# Общий раздел > Новости, факты и мнения > Новости Беларуси >  Ограничения по вывозу товаров из страны

## JAHolper

С сегодняшнего дня вводят ограничение по вывозу топлива за пределы страны. Вывозить без декларирования и уплаты таможенных сборов можно будет не чаще одного раза в пять дней. В общих чертах, за бензин надо будет заплатить разницу его стоимости в Беларуси и соседствующей стране.

Сообщается что принимаются меры и по ограничению на вывоз других социально значимых товаров.

При этом всё пытаются уместить в рамки договорённостей с другими странами, ссылаясь на временные проблемы в стране. Смешные. =)

----------


## SDS

*admin*, 
Мне не смешно, какая - ни какая, а защита потребительского рынка.

----------


## JAHolper

Защита?  Больше похоже на беспорядочные инстинкты самосохранения. Говорят: "После драки кулаками не машут". Так вот, драка уже была, теперь разгребаем.

----------


## SDS

*admin*, 
В избиркоме процентов можно добавить, а мозгов - чем добавишь?
Переругался с Россией - Евросоюз кредит дал.
Переругался С Евросоюзом - Россия бабок подогнала.
Видать договорились те меж собой, что невыгоден им такой лохотрон, перестали давать.
"Выкрутимся" - сказал учредитель лохотрона, остаётся пока надеятся.
Может, всё - таки, нефть из Казахстана окажется дешевше, чем из Венесуэлы.

----------


## vova230

Дебилы. Чем больше вывезут, тем больше валюты в страну придет. Чай не за тугрики продается, а за твердую валюту.

----------


## .29

> Дебилы. Чем больше вывезут, тем больше валюты в страну придет. Чай не за тугрики продается, а за твердую валюту.


Не такие они и дебилы.
Вывезут в любом случае... Или официально на экспорт (валюта в казну), или в багажнике/баке беленького фольксвагена какого-нибудь (валюта под матрас + на черный рынок). 
Экспортерам сказано обеспечить наличие товара на внутреннем рынке, при этом цены также ограничиваюся, поэтому они не могут извлечь всей выгоды от сложившегося положения.
Но поставлять товары только на внутренний рынок ради того, чтоб его все равно вывозило население, никто не захочет.

----------


## JAHolper

С завтрашнего дня (12 июня) при вывозе свинины и мяса птицы, сычужных сыров (норма вывоза - 2 кг), табачных изделий белорусского производства (2 пачки), сахара, муки, масла животного (1 кг), мясных и молочных консервов (5 банок) необходимо оплачивать специальные сборы, которые зачисляются в республиканский бюджет. Сумма оплаты составляет двукратную среднюю стоимость перечисленных товаров. Оплачивать необходимо будет до вывоза, а на границе будут лишь контролировать наличие оплаты. Либо на границе, при наличии там отделений банков.

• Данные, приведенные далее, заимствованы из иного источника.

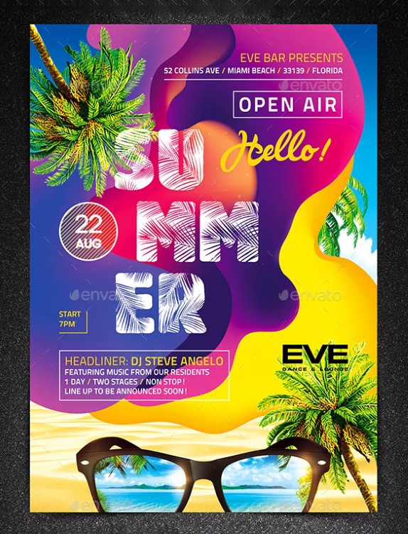 Volantino, flyer o poster con la grafica originale e colorata, ideale per promuovere un party o festa sul mare e sulla spiaggia. Puoi scegliere anche solo il file senza la stampa. Perfetto per bagni, pub e locali promuovere con stile il proprio evento. Personalizzabile.

В перечень товаров, временно запрещенных к вывозу физическими лицами, вошли газовые плиты (белорусско-российское совместное предприятие "Брестгазоаппарат"), бытовые холодильники и морозильники производства ЗАО "Атлант", цемент (ОАО "Красносельск стройматериалы", РУП "Белорусский цементный завод", РУП "Кричевцементношифер"), синтетические моющие средства (ОАО "Бархим"), крупа (в ассортименте) и любые макаронные изделия.

Эти ограничения не распространяются на границу Беларуси с Россией и Казахстаном.

----------


## Mouse

чем дальше в лес тем ...
Давайте откроем наш форумский тотализатор - какой заскок следующий. Может карточки введут на прогулку. Уже тунеядцев и тех кто в очереди стоит - задерживать надо...

----------


## JAHolper

А разборки продолжаются. Люди отказываются платить за топливо в их баках, заявляя что не заправлялись в Беларуси. Накануне у границы с Польшей были стычки бастующего народа (около 40 машин) и приехавшего на место ОМОНа.
Видео с ютуба:

----------


## Marusja

я конечно не знаю что твориться на границе с Польшей, но вот вчера приехала из России, и скажу вам туда вывозят все огромными количествами (водку ящиками, сигареты коробками и топливо не по 200 литров и намного больше) и никто никого не останавливает и не проверяет, туда мы ехали на доверху забитом минивене всем подрят и в нашу сторону даже никто не посмотрел, не говоря о том что бы оставновить и проверить хотя бы страховку (мы ж типа союз), а когда ехали обратно (в 7 утра) вообще не увидели на границе ни одного работника таможни, все просто спали видимо. так что с одной стороны границы вроде прверяют и защищают протребрынок, а с другой стороны границы в 10 раз боьше вывозят

----------


## vova230

Просто Беларусь потихому сдают России. Скоро объявят о вхождении в состав отдельными областями.

----------